Rückruf Philips-Respironics; gemeinsame Empfehlungen von DGP, DIGAB, DGSM und BdP


Empfehlungen der Deutschen Gesellschaft für Pneumologie und Beatmungsmedizin (DGP) in Zusammenarbeit mit der Deutschen Interdisziplinären Gesellschaft für Außerklinische Beatmung (DIGAB), der Deutschen Gesellschaft für Schlafforschung und -medizin (DGSM) und dem Bundesverband der Pneumologen, Schlaf- und Beatmungsmediziner (BdP) gibt folgende Empfehlungen bezüglich der Philips-Rückrufnachricht. (5. Juli 2021)

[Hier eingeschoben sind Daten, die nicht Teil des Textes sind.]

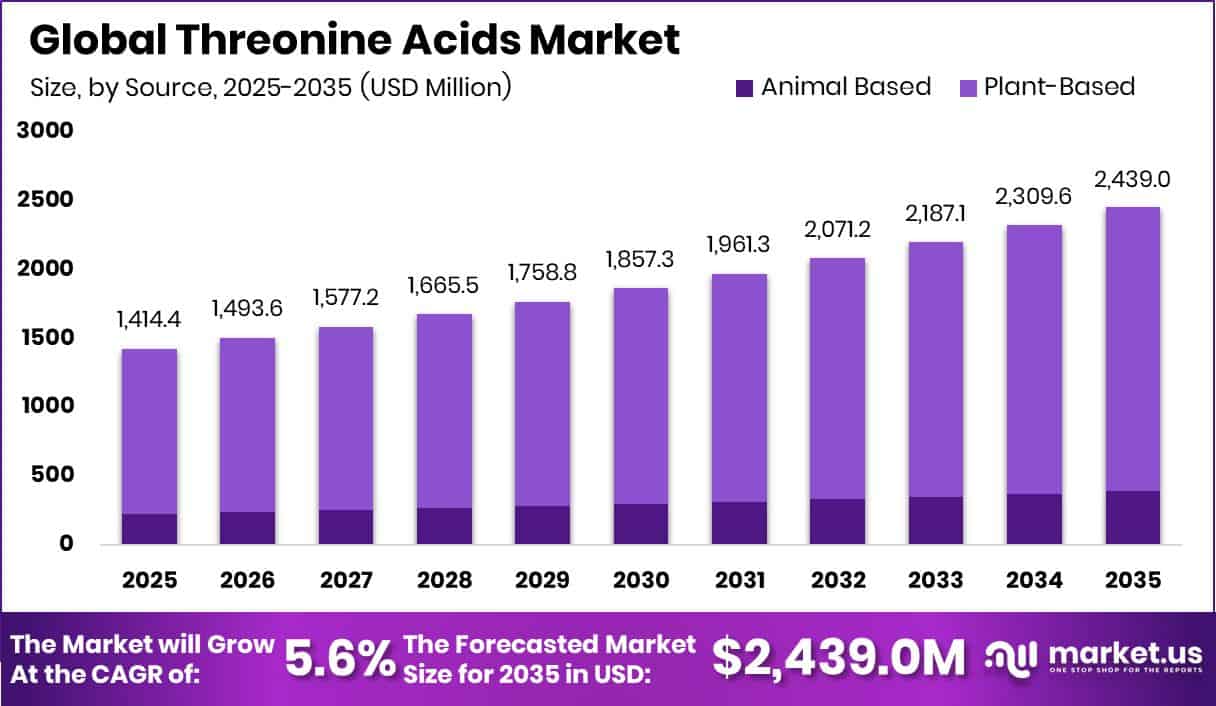 Threonine Acids Market by source shows plant-based dominance, accounting for 84.6% globally recently worldwide.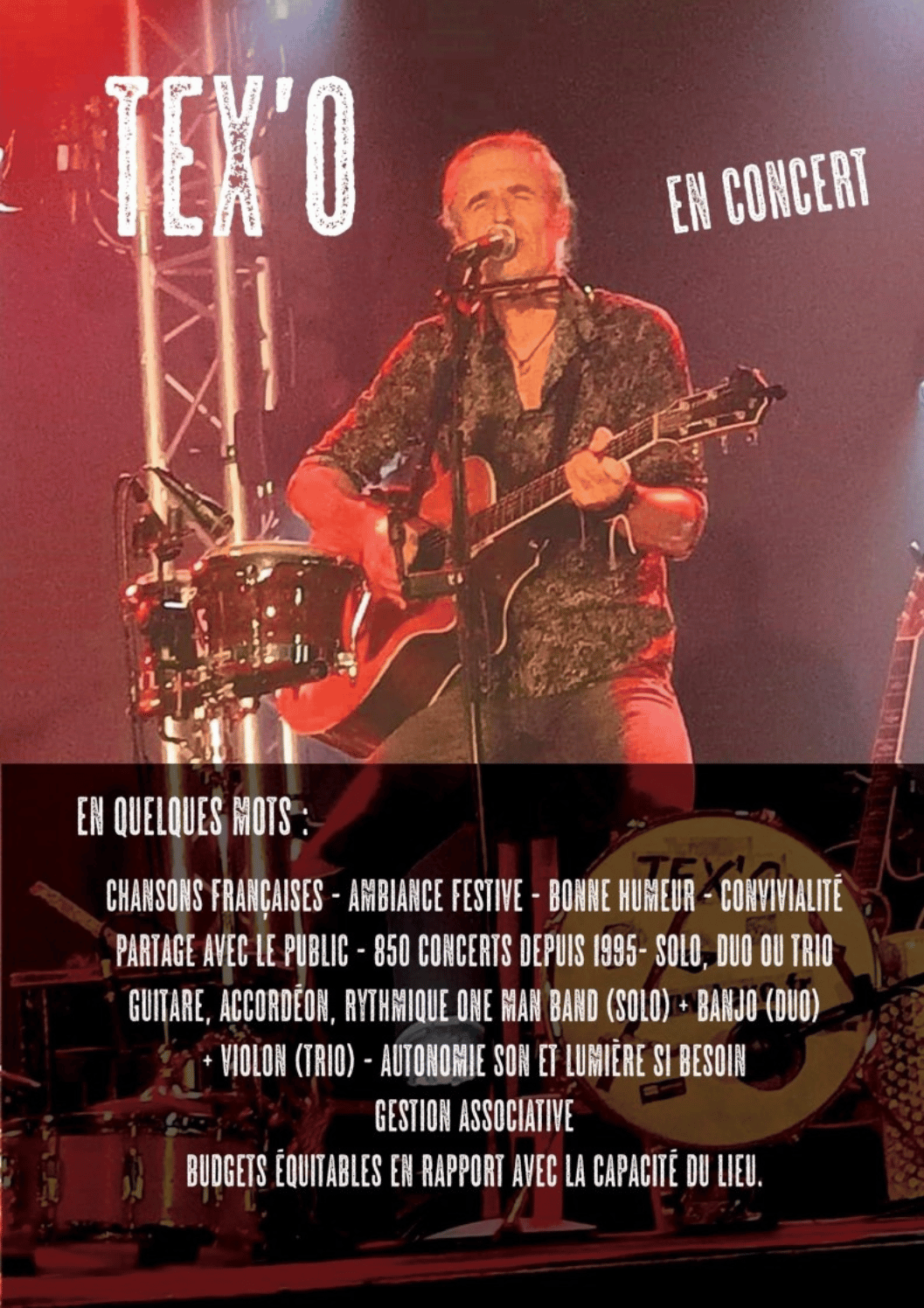 L'artiste jonglera avec le verbe, l'humour et ses instruments fétiches (guitare, harmonica, accordéon et rythmique) façon One Man Band.
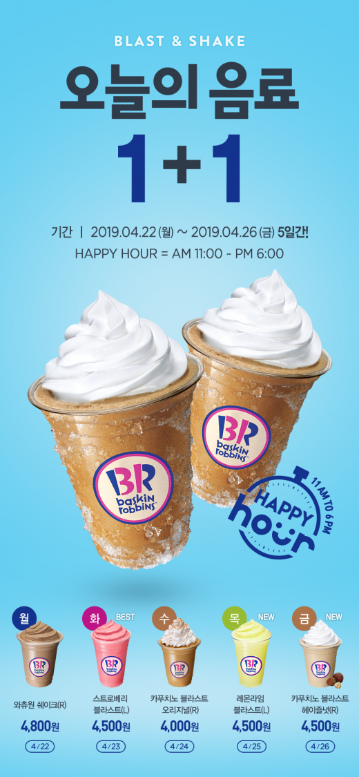 배스킨라빈스가 '해피아워! 오늘의 음료 1+1' 프로모션을 진행한다.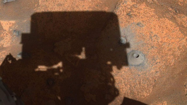 The researchers believe the rock chosen for the first sampling attempt wasn't strong enough to produce a core. In the close-up image of the borehole, we can see that there is some material in the bottom of the hole. The core they hoped to obtain is either in the bottom of the hole, in the cuttings pile stacked around the hole's rim, or is a combination of both places. Ultimately, NASA believes it was the properties of the rock that prevented a core sample from being collected and not a fault of Perseverance. The next sampling attempt will be conducted in September.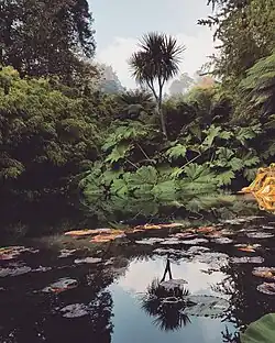 The gardens include aged and colossal rhododendrons and camellias, a series of lakes fed by a ram pump over 100 years old, highly productive flower and vegetable gardens, an Italian garden, and a wild area filled with subtropical tree ferns called "The Jungle". The gardens also have Europe's only remaining pineapple pit, warmed by rotting manure, and two figures made from rocks and plants known as the Mud Maid and the Giant's Head.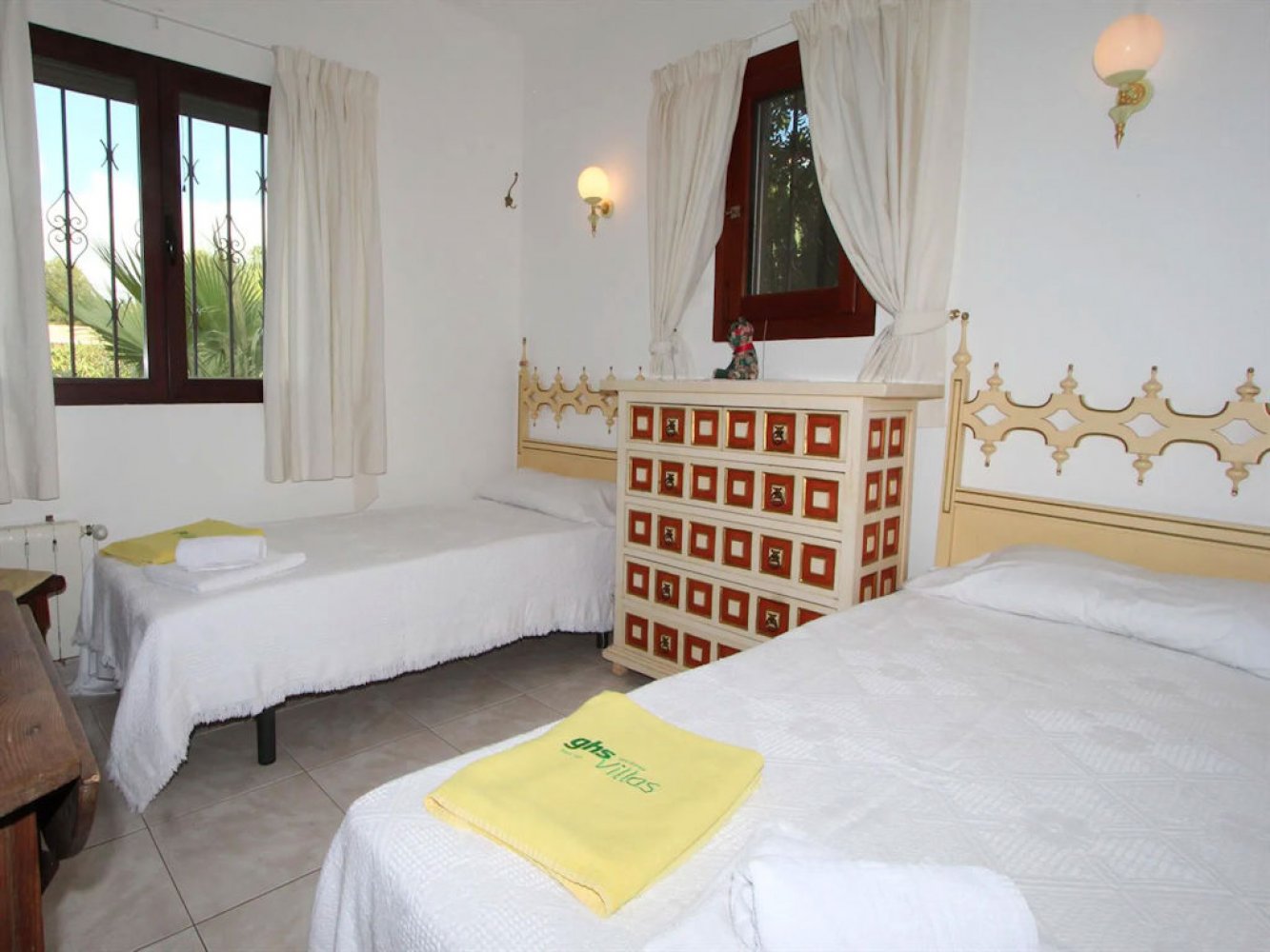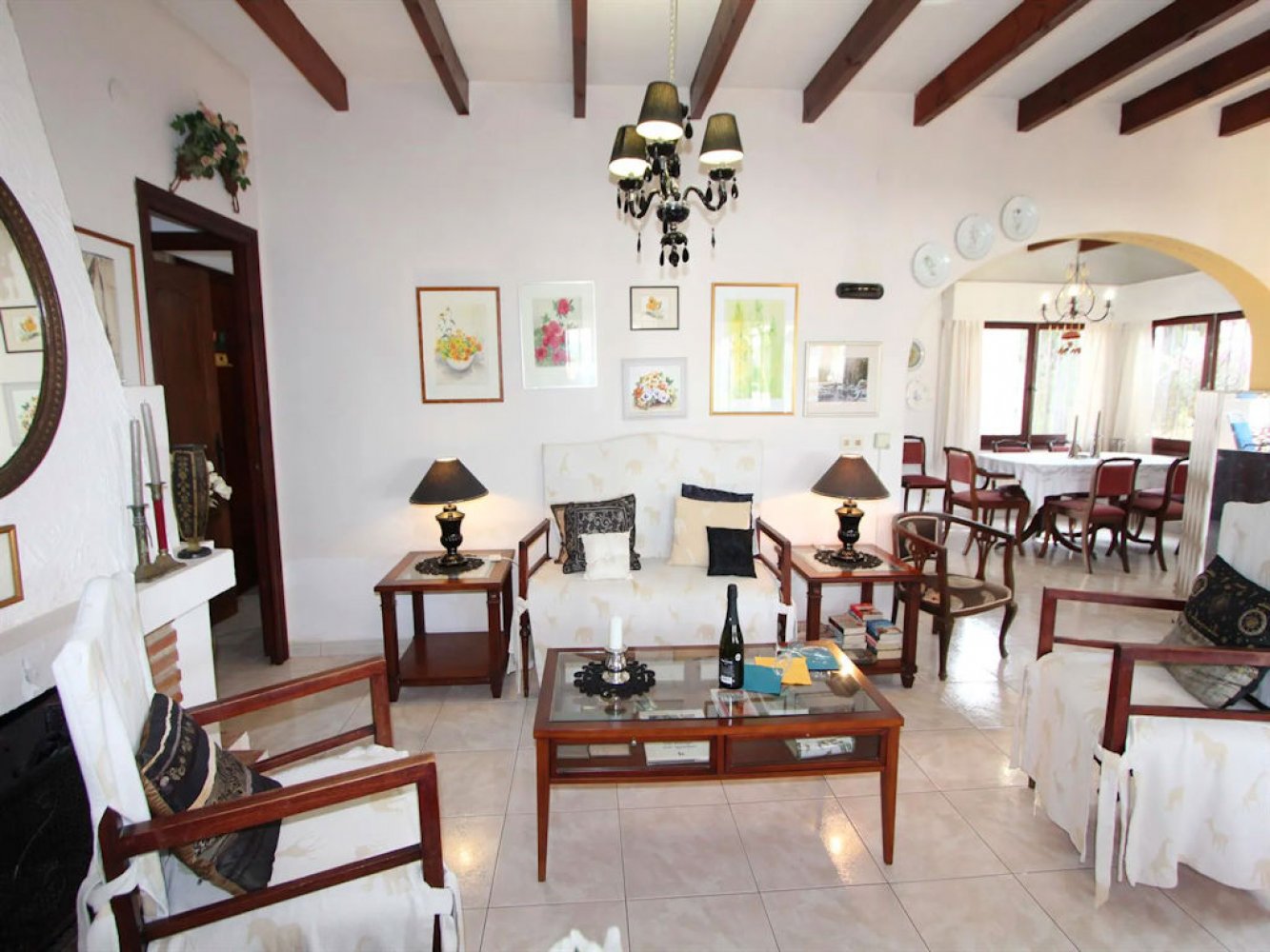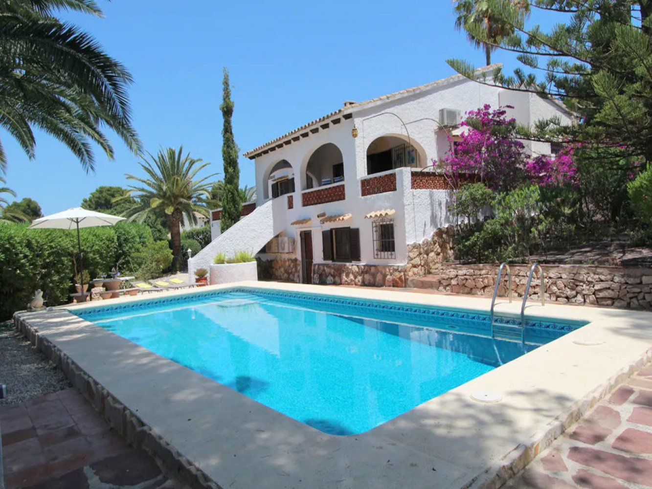 Mediterrane Ferienvilla mit privatem Swimmingpool in Moraira an der Costa Blanca. Das Anwesen liegt nur 500 m vom Sandstrand Playa de l'Ampolla des Ferienortes entfernt.

Die Firma Philips Respironics hat am 17.06.2021 eine Sicherheitsmitteilung herausgegeben, nach welcher der in den CPAP-Geräten und Beatmungsgeräten benutzte polyesterbasierte Polyurethanschaum theoretisch zweierlei Probleme verursachen kann: Zum einen können sich Partikel lösen und in die Atemwege gelangen, zum anderen enthält der Schaum Chemikalien, die eingeatmet werden können. Weitere Informationen inklusive einer Liste der betroffenen Geräte finden Sie unter https://www.usa.philips.com/healthcare/e/sleep/communications/src-update

DGP, DIGAB, DGSM und BdP empfehlen nach enger Absprache mit dem Bundesinstitut für Arzneimittel und Medizinprodukte (BfArM) folgendes Vorgehen:
Es wird grundsätzlich davon abgeraten, dass Patientinnen oder Patienten ihre Therapie ohne Absprache mit ihren behandelnden Ärztinnen oder Ärzten verändern oder beenden. Für alle folgenden Punkte – sowohl bei Beatmung als auch Therapie schlafbezogener Atmungsstörungen – gilt:
Die konkrete Vorgehensweise beim einzelnen Patienten bleibt der gemeinsamen Abwägung von Patienten und Ärzten vorbehalten, die individuelle Faktoren wie Schweregrad der Erkrankung, begleitende Risikofaktoren, Lebensalter und Krankheitsdauer berücksichtigen sollen.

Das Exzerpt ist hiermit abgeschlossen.